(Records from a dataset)
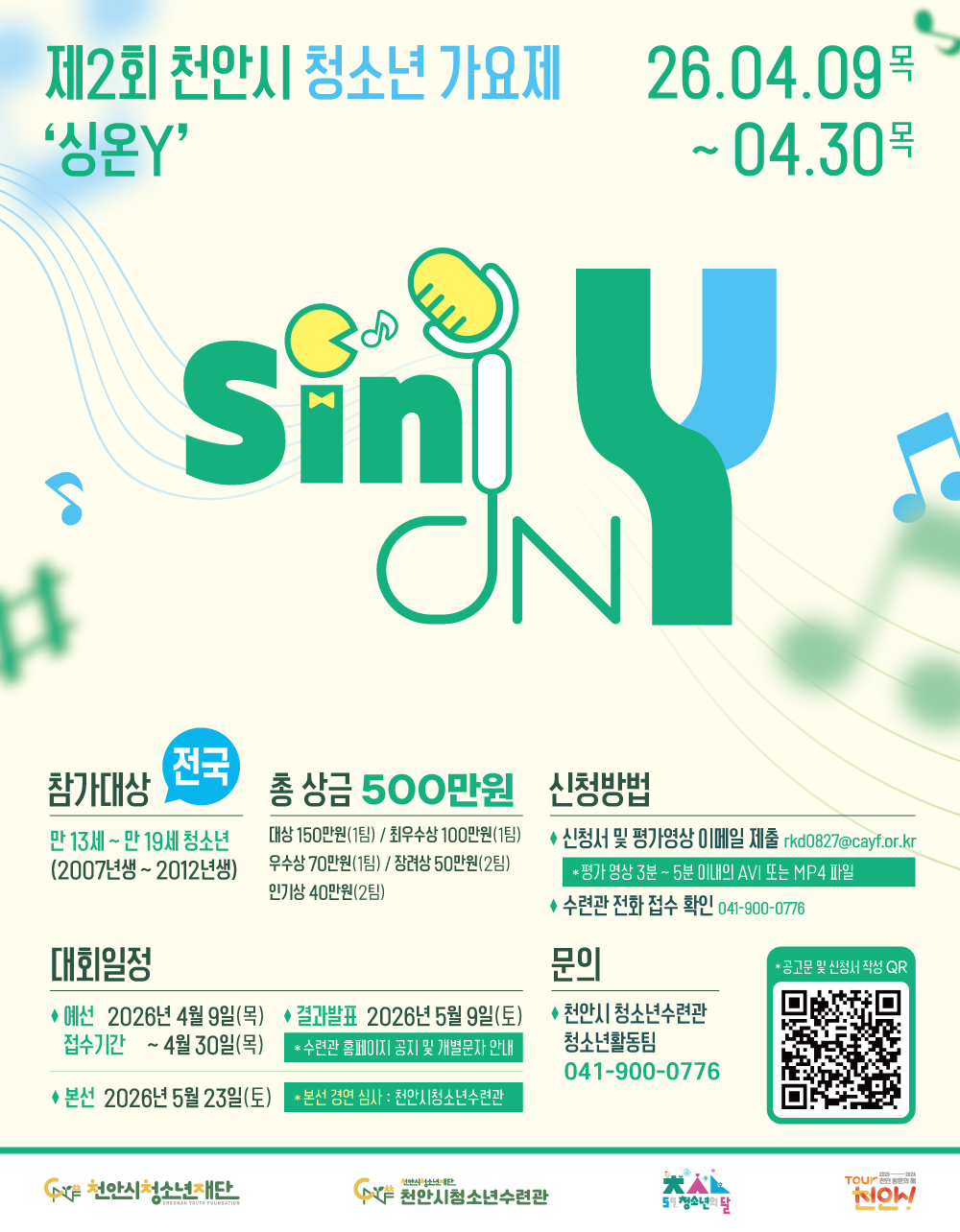[천안시청소년재단] 제2회 천안시청소년가요제 ‘싱온Y’ 참가자 모집
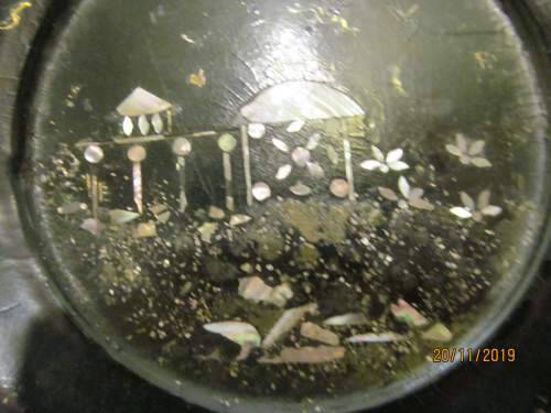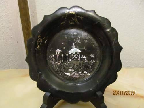2)- A BLACK LACQUERED DECORATIVE PAPIER MACHE DISH PROBABLY MANUFACTURED IN JAPAN. THE ITEM HAS A SCALLOPED RIM AND IS DECORATED ALONG THE VERGE IN GOLD PAINTED FADED PATTERNS WITH MOTHER-OF-PEARL INLAY AT THE CENTER DEPICTING A PAGODA-LIKE STRUCTURE WITH LANDSCAPE SETTING. THIS DISH HAS A SMALL CRACK ON THE RIM ON OPPOSITE SIDES AND ALTHOUGH NOT VISIBLE DUE TO THEIR NATURE, ARE THERE. ASIDE FROM THIS THE DISH HAS NO CHIPS, DAMAGES ETC. IT IS NOT MARKED OR STAMPED. 1.4cm HEIGHT OF RIM..... 9.8cm DIAMETER OF BASE.....17.5cm DIAMETER OF RIM
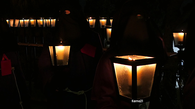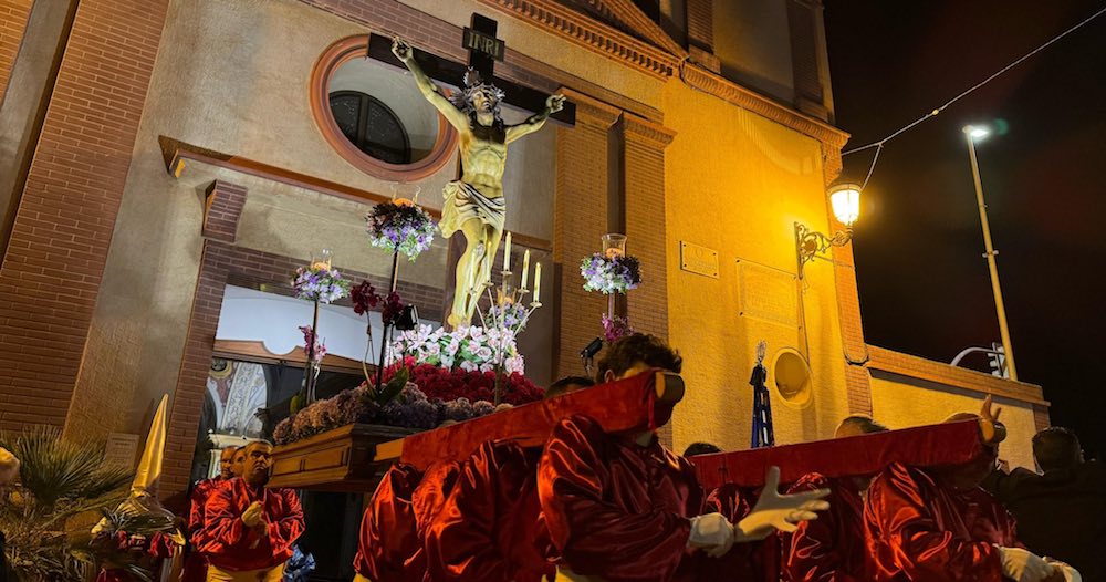 Imagen del trono de Cristo Crucificado corresponde a la procesión del Martes Santo, que culminó con el encuentro con la Soledad ante la iglesia de Santa Florentina. Esta noche tendrá lugar el segundo cortejo pasionario y, quizás, uno de los más singulares de España, pues en la medianoche se adentra en el cementerio para representar el entierro de Jesucristo.
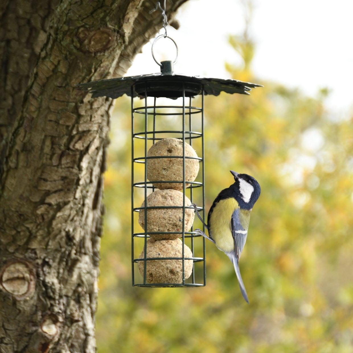 Deze vetbollenautomaat met bladerdak is gemakkelijk na te vullen. Door de ring los te draaien kan het deksel verwijderd worden. open structuur, makkelijk toegankelijk gemakkelijk na te vullen deksel in de vorm van bladeren
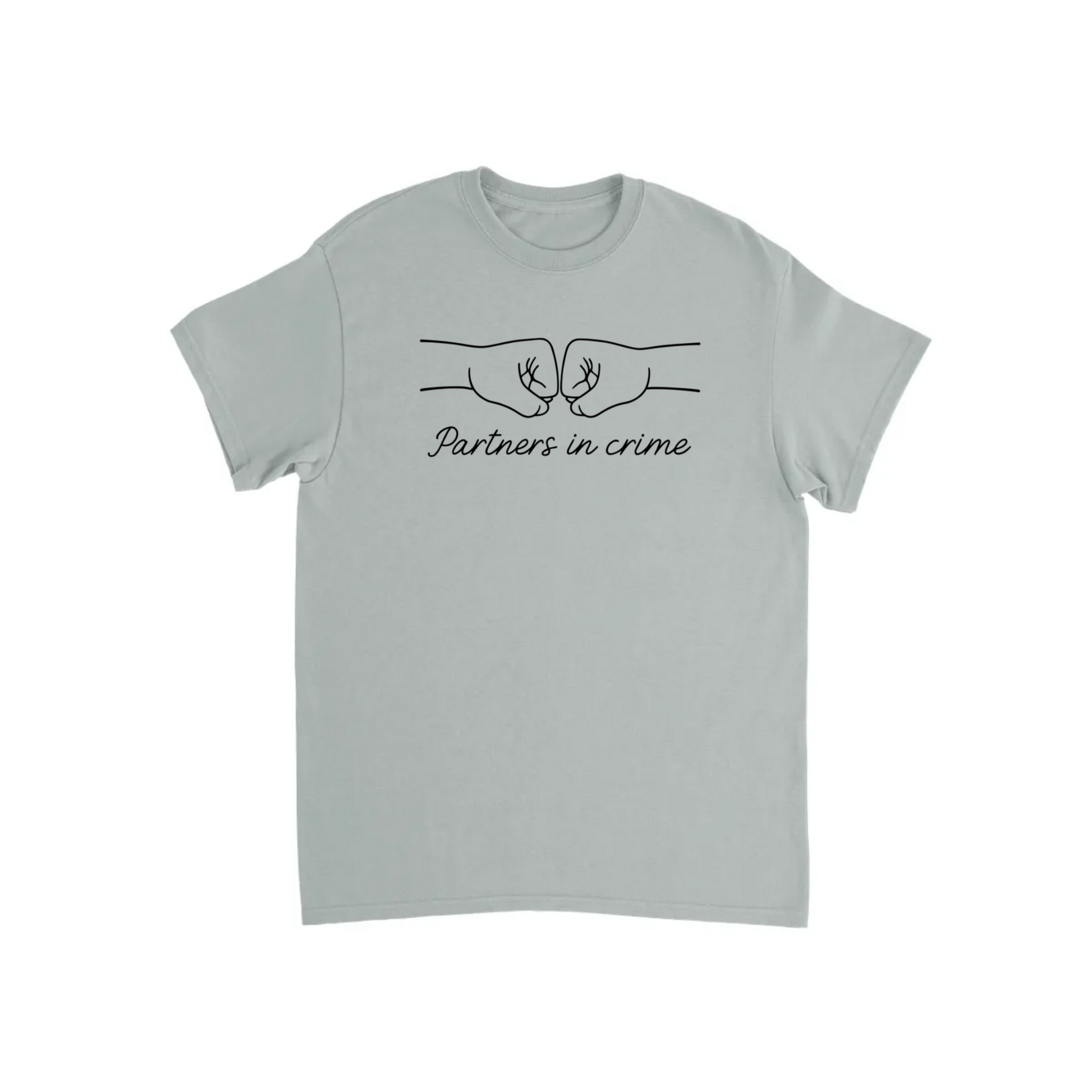The Partners in Crime t-shirt is a fun and meaningful way to show your bond with someone close – whether it’s your best friend, sibling, or partner. With its relaxed fit and high-quality cotton, it’s perfect for everyday wear.
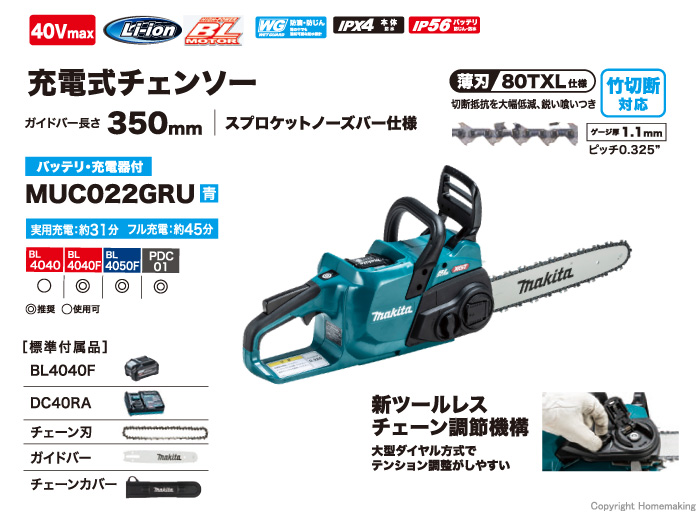 | 標準付属品 | MUC022GRU 40Vmaxリチウムイオンバッテリ(BL4040F)×1、充電器(DC40RA)、 チェーンカバー、レンチ13-16、丸型ヤスリ4、チェーンオイル |
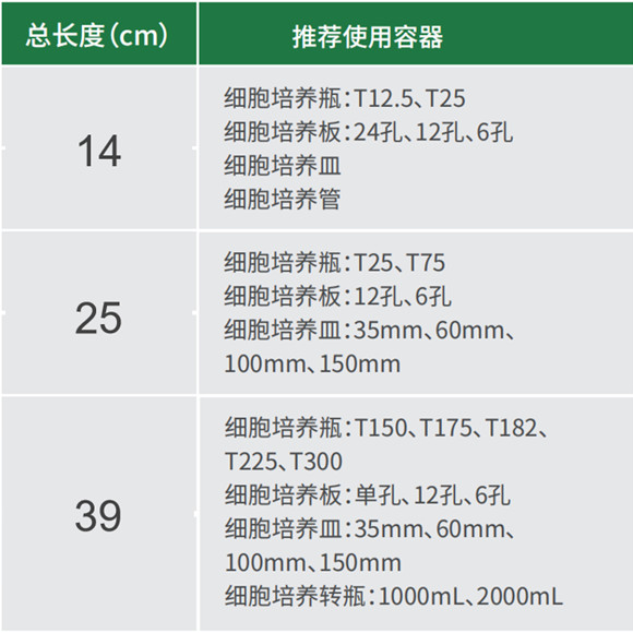 ◆ 細胞刮刀規格多樣,可滿足小型孔板至大容量培養瓶各種不同容器的細胞收集需求。
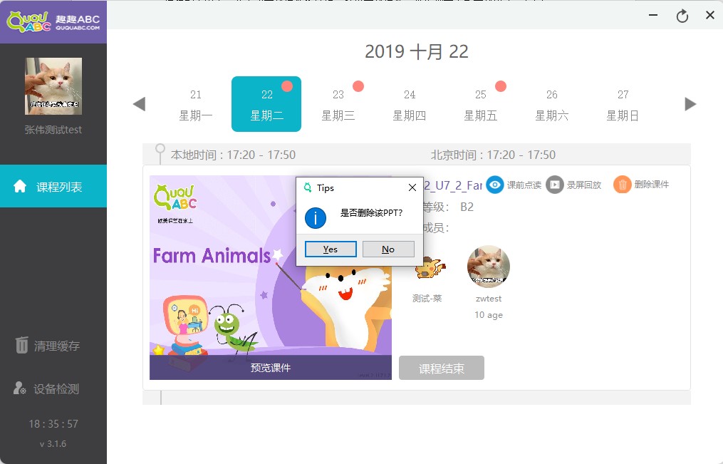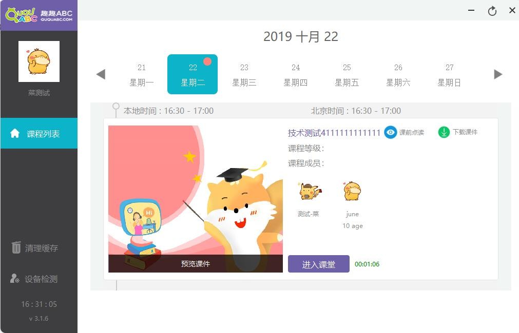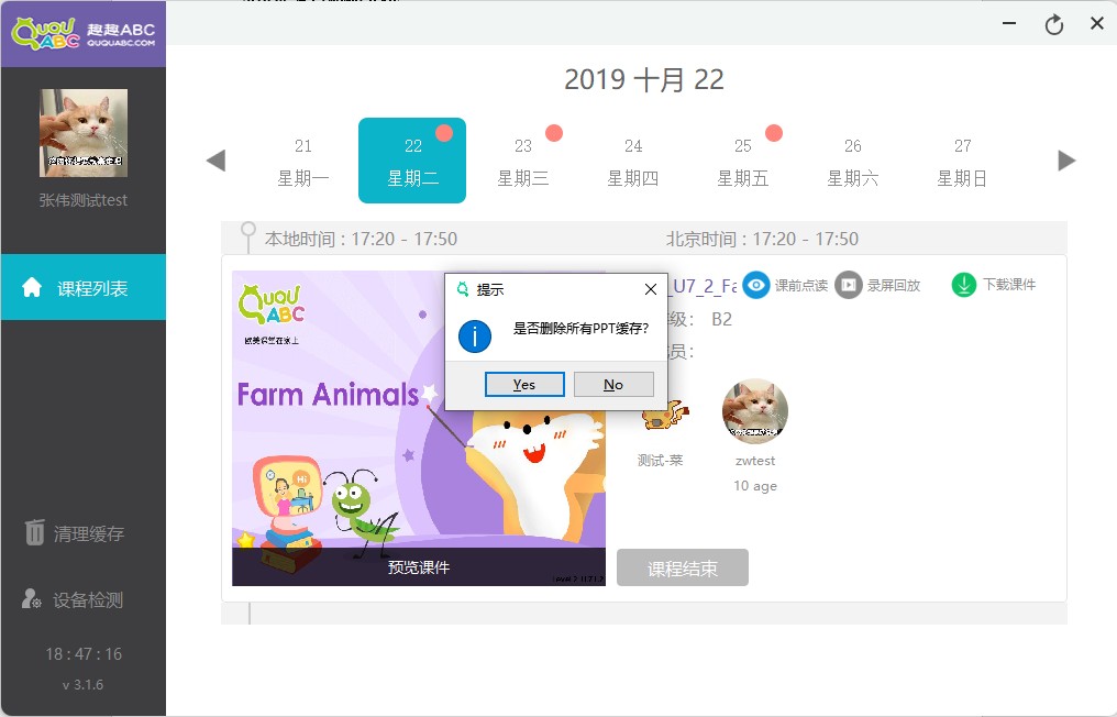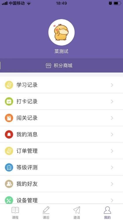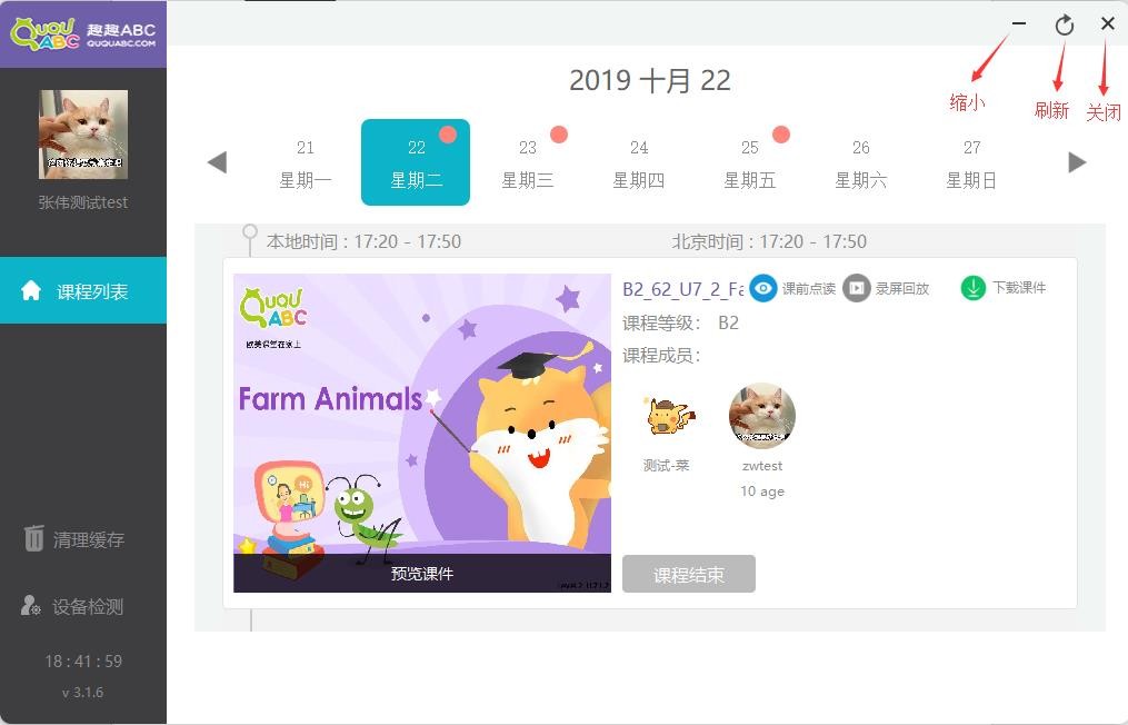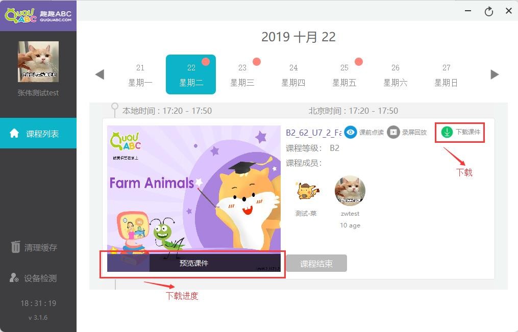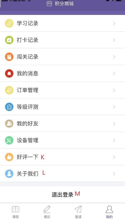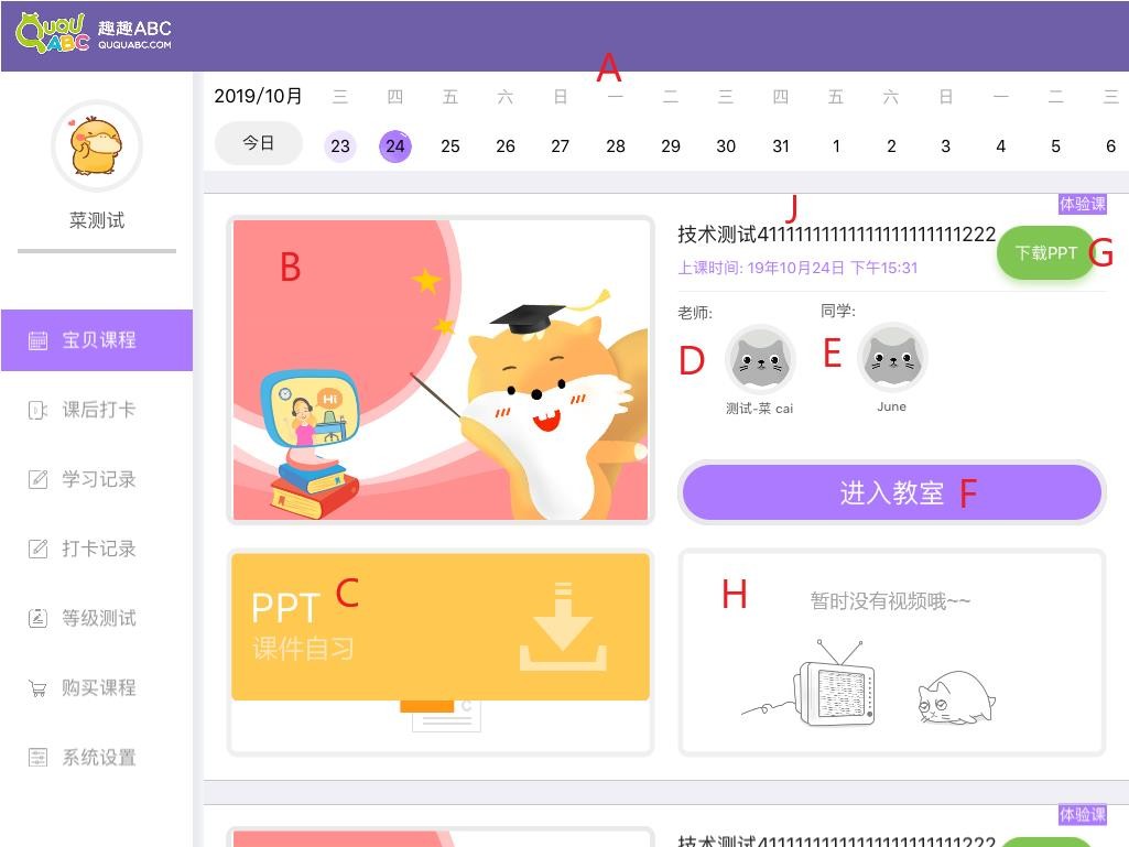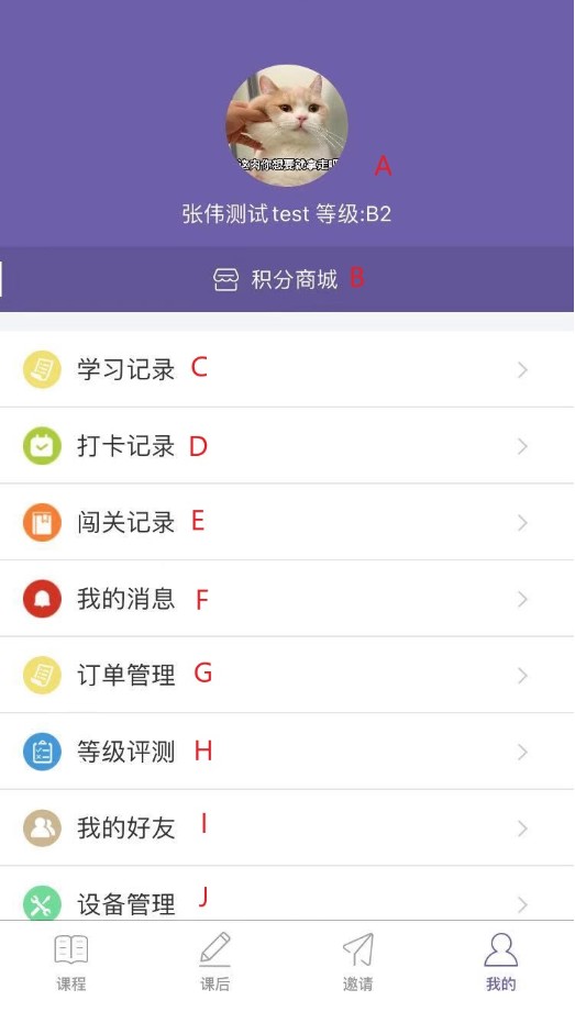 H:等級測評:體驗生可以進入等級測試,測試自己的課程等級并可以查看測試記錄。

** WHAT YOU SHOULD DO **
All of the data above needs to be given again exactly. Leave out each image.

** COMPLETED EXERCISE **
[천안시청소년재단] 제2회 천안시청소년가요제 ‘싱온Y’ 참가자 모집
2)- A BLACK LACQUERED DECORATIVE PAPIER MACHE DISH PROBABLY MANUFACTURED IN JAPAN. THE ITEM HAS A SCALLOPED RIM AND IS DECORATED ALONG THE VERGE IN GOLD PAINTED FADED PATTERNS WITH MOTHER-OF-PEARL INLAY AT THE CENTER DEPICTING A PAGODA-LIKE STRUCTURE WITH LANDSCAPE SETTING. THIS DISH HAS A SMALL CRACK ON THE RIM ON OPPOSITE SIDES AND ALTHOUGH NOT VISIBLE DUE TO THEIR NATURE, ARE THERE. ASIDE FROM THIS THE DISH HAS NO CHIPS, DAMAGES ETC. IT IS NOT MARKED OR STAMPED. 1.4cm HEIGHT OF RIM..... 9.8cm DIAMETER OF BASE.....17.5cm DIAMETER OF RIM
 Imagen del trono de Cristo Crucificado corresponde a la procesión del Martes Santo, que culminó con el encuentro con la Soledad ante la iglesia de Santa Florentina. Esta noche tendrá lugar el segundo cortejo pasionario y, quizás, uno de los más singulares de España, pues en la medianoche se adentra en el cementerio para representar el entierro de Jesucristo.
 Deze vetbollenautomaat met bladerdak is gemakkelijk na te vullen. Door de ring los te draaien kan het deksel verwijderd worden. open structuur, makkelijk toegankelijk gemakkelijk na te vullen deksel in de vorm van bladeren
The Partners in Crime t-shirt is a fun and meaningful way to show your bond with someone close – whether it’s your best friend, sibling, or partner. With its relaxed fit and high-quality cotton, it’s perfect for everyday wear.
 | 標準付属品 | MUC022GRU 40Vmaxリチウムイオンバッテリ(BL4040F)×1、充電器(DC40RA)、 チェーンカバー、レンチ13-16、丸型ヤスリ4、チェーンオイル |
 ◆ 細胞刮刀規格多樣,可滿足小型孔板至大容量培養瓶各種不同容器的細胞收集需求。
 H:等級測評:體驗生可以進入等級測試,測試自己的課程等級并可以查看測試記錄。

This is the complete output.